Sunday, September 24, 2006

Marie Curie's first Nobel


Some more excerpts from Barbara Goldsmith's Obsessive Genius: The Inner World of Marie Curie. We learn, on page 107, that the first physics Nobel went to Röntgen in 1901 for his discovery of X-rays, and the second to Hendrik Antoon Lorentz and Pieter Zeeman for their research into "the influence of magnetism upon radiation phenomenon." We also learn that for both those Nobels, Charles Bouchard, "a doctor with lifetime nominating rights", nominated Marie Curie, Pierre Curie and Henri Becquerel. I'm excerpting a key section of the narrative:

... The following year, in a stunning example of what it was to be a woman in science, a vicious sexism ripped away all pretense that Marie Curie might be accepted as an equal.

Four influential scientists collaborated on an official letter nominating Pierre Curie and Henri Becquerel for the 1903 Nobel Prize in Physics. Madame Curie was not mentioned. The letter contained a distorted account of the discovery of polonium and radium. It asserted that these two men, competing against foreign rivals, had "worked together and separately to procure, with great difficulty, some decigrams of this precious material." This in spite of the fact that Marie Curie's amazing discoveries were known throughout the scientific community and that three of the four men who signed the letter had been involved in her work and knew full well to whom the credit belonged. The most shocking of the four was Gabriel Lippmann, whom Marie had deemed a close friend and advisor. Lippman, however, had regarded Marie as an impoverished young student, not as a potential competitor.

There was speculation that Becquerel had influenced the letter in order to cast more credit on himself. One member of the Nobel science committee, Magnus Gösta Mittag-Leffler, a famous mathematician and chief editor of Acta Mathematica, believed that women in science were unappreciated and deplored Madame Curie's omission from the nominating letter. To test the waters, he wrote privately to Pierre apprising him of the situation. Pierre responded that if this nomination was serious, he could not accept the prize unless the Nobel committee included Madame Curie. Armed with Pierre's reply, Mittag-Leffler exerted his considerable influence to urge that Marie Curie's name be added to the letter of nomination. Certain adversarial committee members claimed this was impossible since the nomination letter had already been filed. It was then that Charles Bouchard reminded the committee that this was not strictly true since he had included Marie in his nomination for the Nobel Prize both in 1901 and 1902. By now the politics of the committee had grown so fraught that at last they added Madame Curie's name to the award. By this technical fluke, she was credited with "opening up a new area of physics research" and for her part in the most magnificent methodical and persistent investigations." ...
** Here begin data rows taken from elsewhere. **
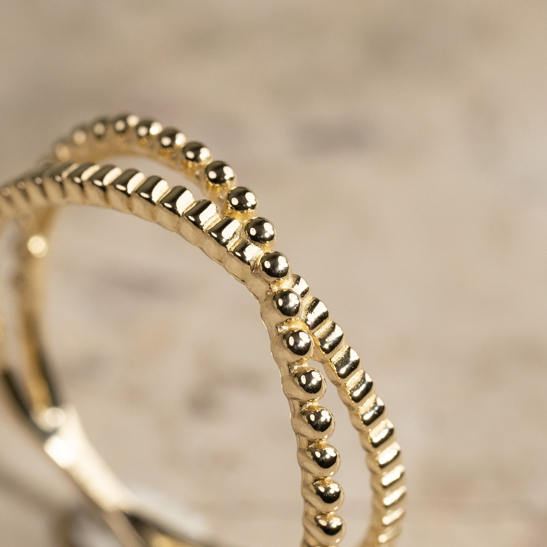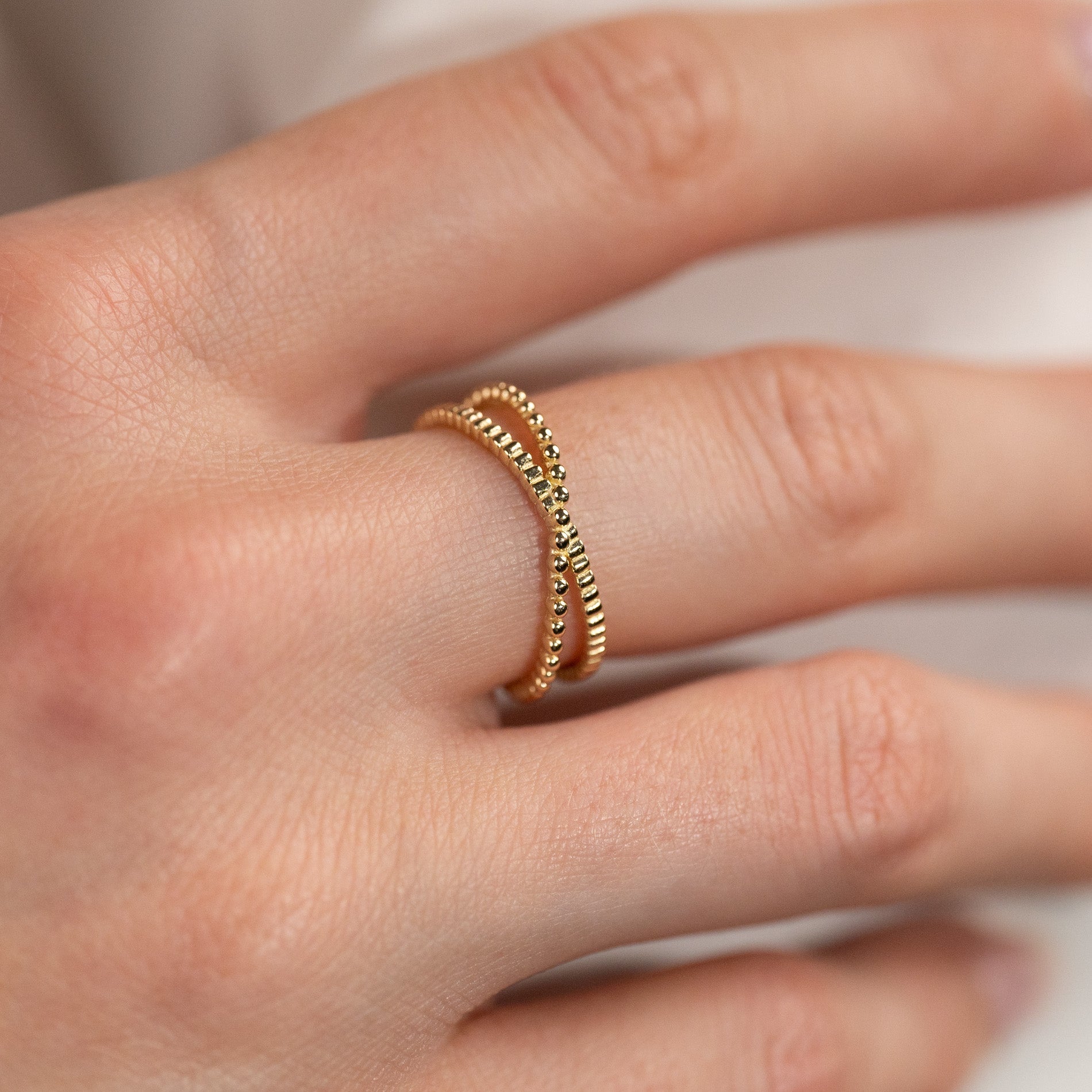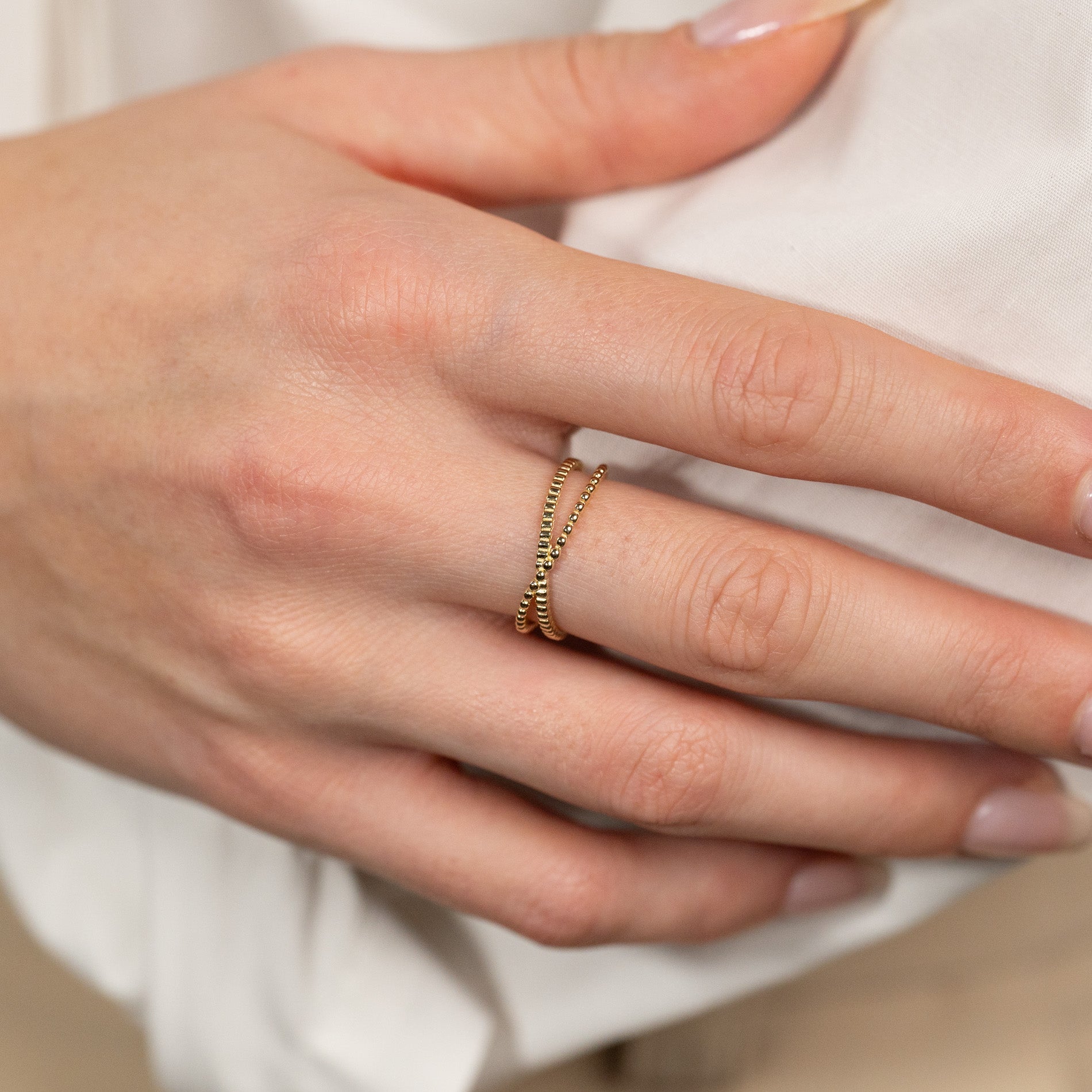 Ring skapt i 100% resirkulert massiv 9 karat gull. Den har et elegant kryssmønster med unike detaljer som gjør den både flott og allsidig – perfekt til å bære alene eller sammen med andre av våres ringer.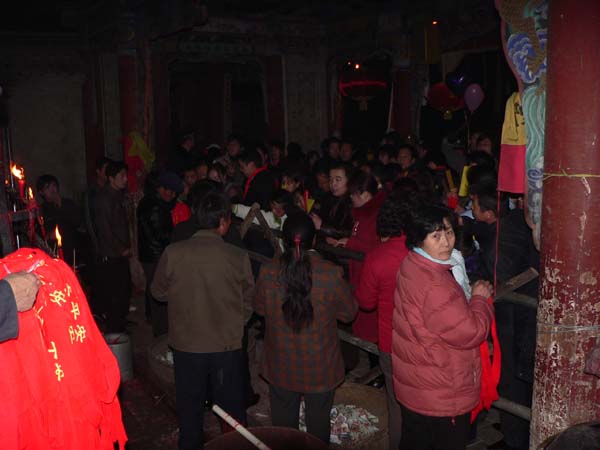 農(nóng)歷初八夜間,雖然天靖山上積雪還未完全消融,但自山腳直到玉泉觀玉皇殿及最高處三清殿,人們扶老攜幼,摩肩接踵,觀內(nèi)人潮涌動(dòng),熱鬧非凡。玉皇殿是更是被圍得水泄不通,正月初九凌晨,人們爭先恐后要為玉皇大帝點(diǎn)燃第—柱香,氣氛十分火爆。此時(shí),各殿堂燈火通明,香燭裊裊,旗幡飄舞,鐘磬齊鳴。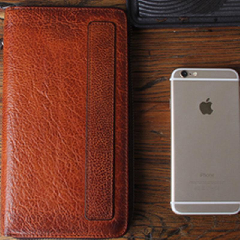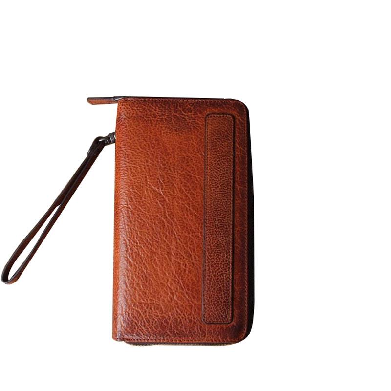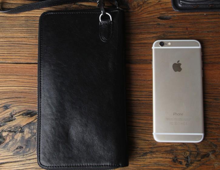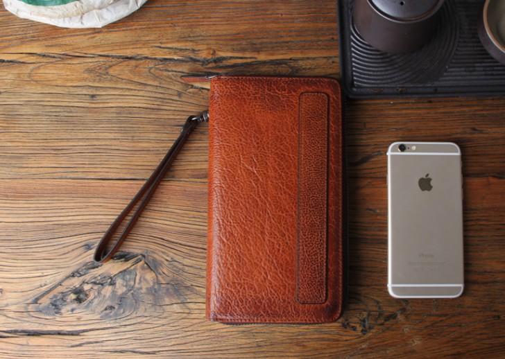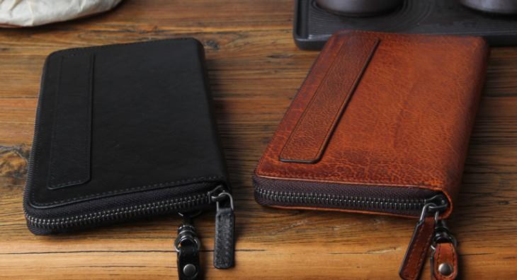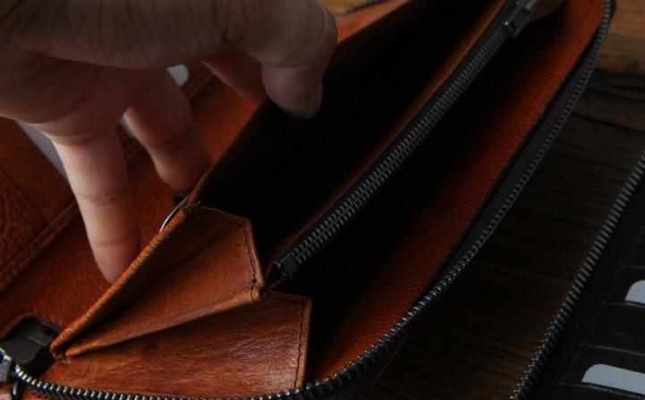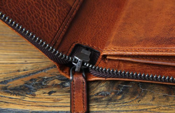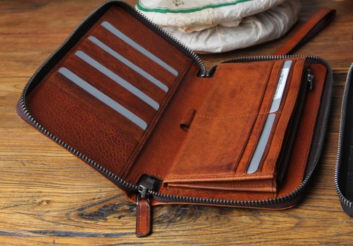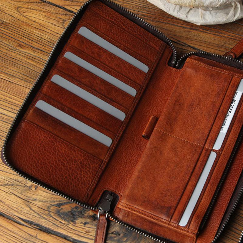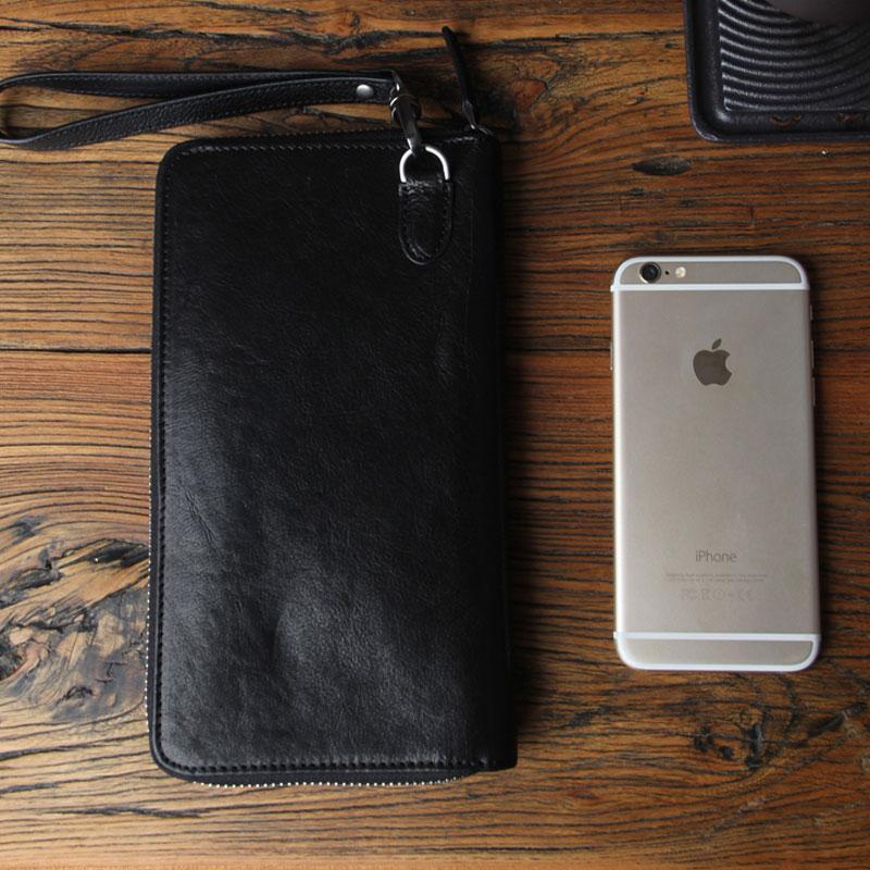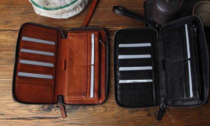Design: Genuine Leather Mens Cool Long Leather Wallet Biker Wallet Zipper Clutch Wristlet Wallet for Men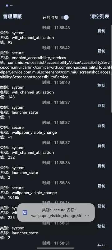 设置项监视器是一款专为开发者和编译人员打造的软件。用户可以通过这款软件实时监视手机中各个模块的运行情况和状态,帮助开发者快速的定位问题原因,针对性的进行改进。软件占用内存小,无需付费,非常适合新手小白练手!感兴趣的小伙伴快来下载设置项监视器体验一下吧!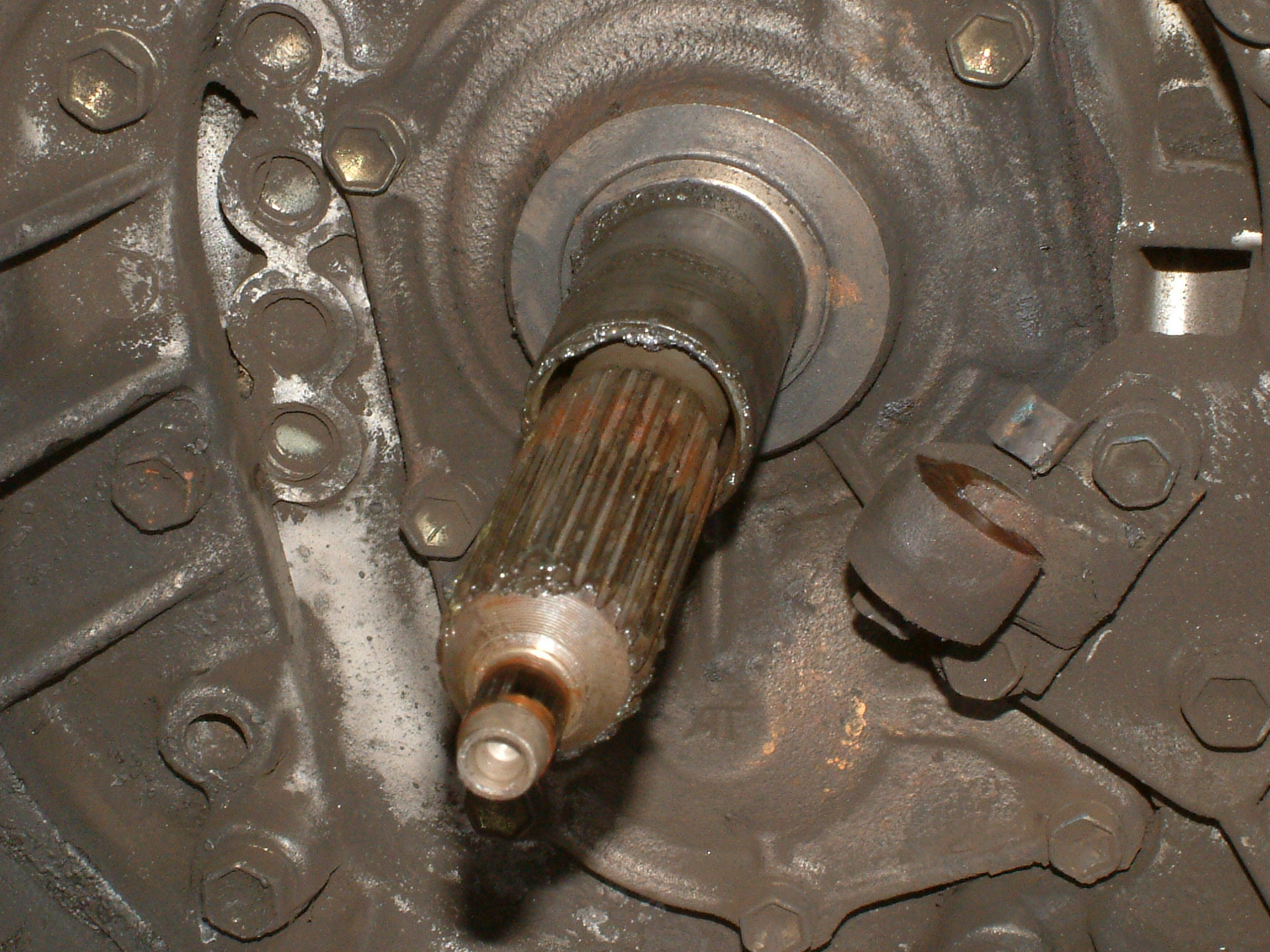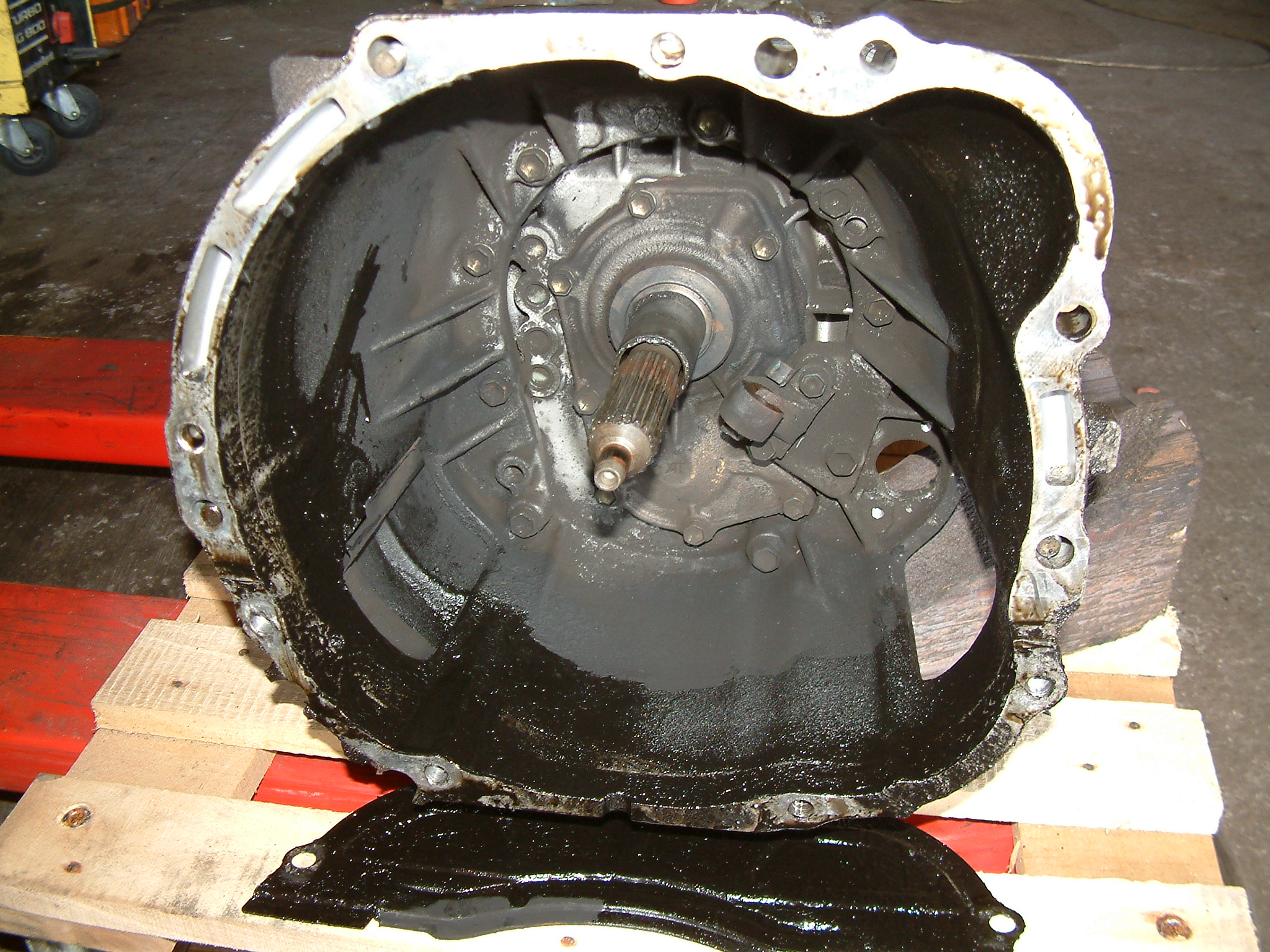 Ich bin mir ziemlich sicher, in die Getriebeglocke gehört weder Abgasruß, noch Öl. Die Antriebswelle sieht "fantastisch" aus.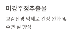 | 미강주정추출물 | 교감신경 억제 | 긴장 완화 및 수면 질 향상 |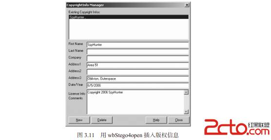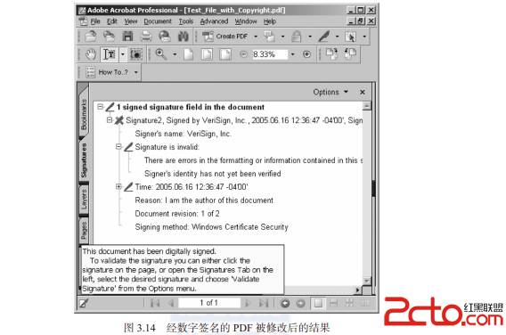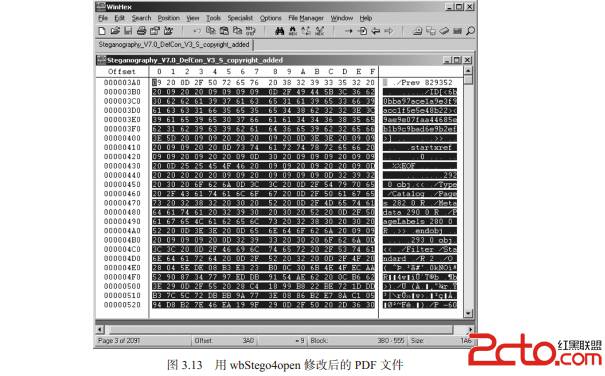 wbStego4open(http://wbstego.wbailer.com )是一个隐写开源工具,它支持Windows和Linux平台。你可以用wbStego4open可以把文件隐藏到BMP、TXT、HTM和PDF文件中,且不会被看出破绽。还可以用它来创建版权标识文件并嵌入到文件中将其隐藏。能够允许用户把数据隐藏到PDF文件中的隐写程序非常少,我们打开wbStego4open这个隐写程序,研究下PDF文件吧(如图3.10所示)。 这个程序利用PDF文件头添加额外信息,这个区域的信息会被Adobe Acrobat Reader阅读器(如图3.11所示)忽略。此外,wbStego在插入数据时(此处以非加密的版权信息为例),充分利用了插入法和LSB修改法两种技术。 首先,wbStego4open会把插入数据中的每一个ASCII码转换为二进制形式,然后把每一个二进制数字再替换为十六进制的20或者09,20代表0,09代表1。例如,在wbStego4open的版权管理器(Copyright Manager)中,输入一个包含“Oblivion”的地址,wbStego4open就会将其由ASCII码转换成相应的二进制码,然后再用0x20和0x09替换每个二进制数(如图3.12所示)。 最后,这些转换后的十六进制数据被嵌入到PDF文件中。查看用wbStego4open修改后的文件内容,会发现文件中已混入了很多由20和09组成的8位字节(如图3.13所示)。 把这些8位字节取出来后,再提取其最低有效位,组合后即可获得其所代表的ASCII码的二进制形式,然后再把二进制码转换成ASCII码就能得到原始消息了。 wbStego4open确实支持很多其他隐写程序不支持的文件类型,比如本例中的PDF文件。实际上,前面的例子中的Adobe PDF文件是有密码保护的。注意,虽然该文件是有密码保护的,我们还是成功地修改了这个文件。这算不上是一种脆弱性,但确实说明PDF的安全保护能力有待提高,比如,为PDF文件进行数字签名,就可以让接收者知道文件已经被修改过了。密码保护主要用来防止打印或者复制Adobe PDF文件的内容,而数字证书则可以防止文件内容被篡改。拥有数字证书的PDF文件内容其实是可以修改的,但会提示接收者文件已经被修改过了,不要相信其中的内容(参见图3.14)。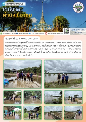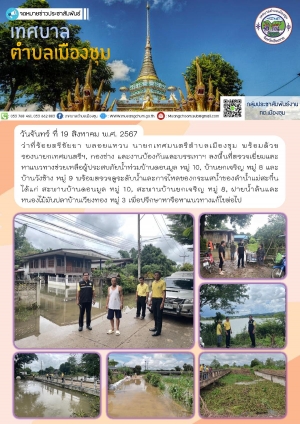 ลงพื้นที่ตรวจสอบสถานการณ์น้ำท่วมในเขตพื้นที่เทศบาลตำบลเมืองชุม ได้แก่ บ้านเวียงทอง หมู่ 3, บ้านยกเจริญ หมู่ 8 และบ้านวังช้าง หมู่ 9 เพื่อปรึกษาหารือและแนวทางแก้ไขต่อไป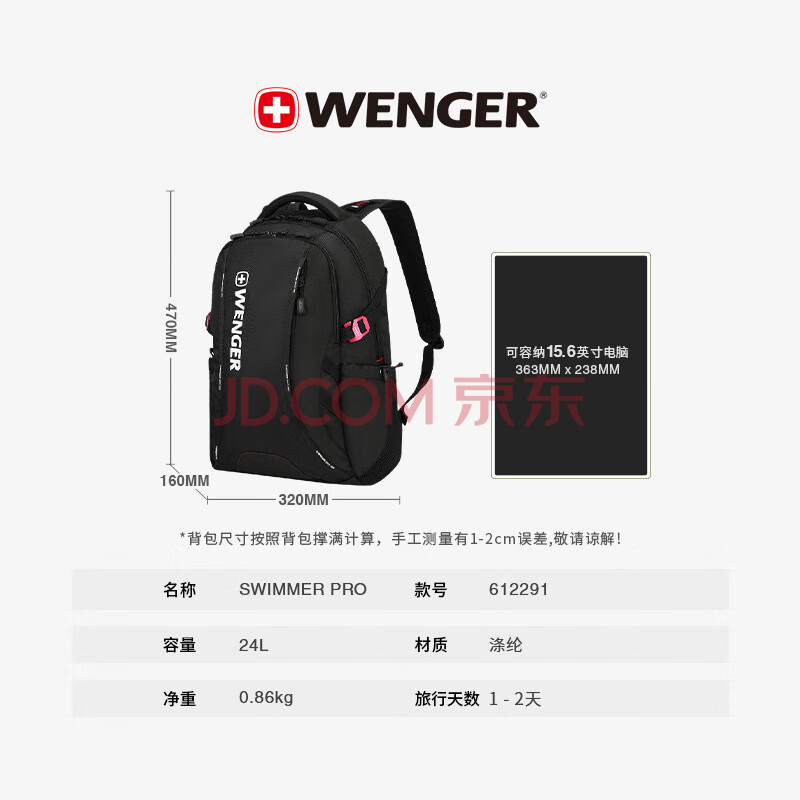 商品相册:威戈瑞士军刀15.6英寸笔记本电脑包商务双肩包背包男女出差旅行包第

One half of the 1903 physics Nobel went to Becquerel and the other half was shared by Marie and Pierre Curie. The Curies, however, could not make the trip to Sweden for the award ceremony due to Marie's poor health. They did make the trip eventually (in April of 1905) to accept the award, and make the Award Presentation. Here too, there was a twist: "Pierre alone was asked to speak. He was seated on the dais, she was in the audience." Barbara Goldsmith adds:

This insult turned out to Marie's advantage since her husband, from the podium, could then give her full credit for her discoveries. In his speech "Radioactive Substances, Especially Radium", he mentioned Madame Curie's accomplishments again and again. ... Pierre pointed out that Marie alone had discovered radioactivity of these elements ...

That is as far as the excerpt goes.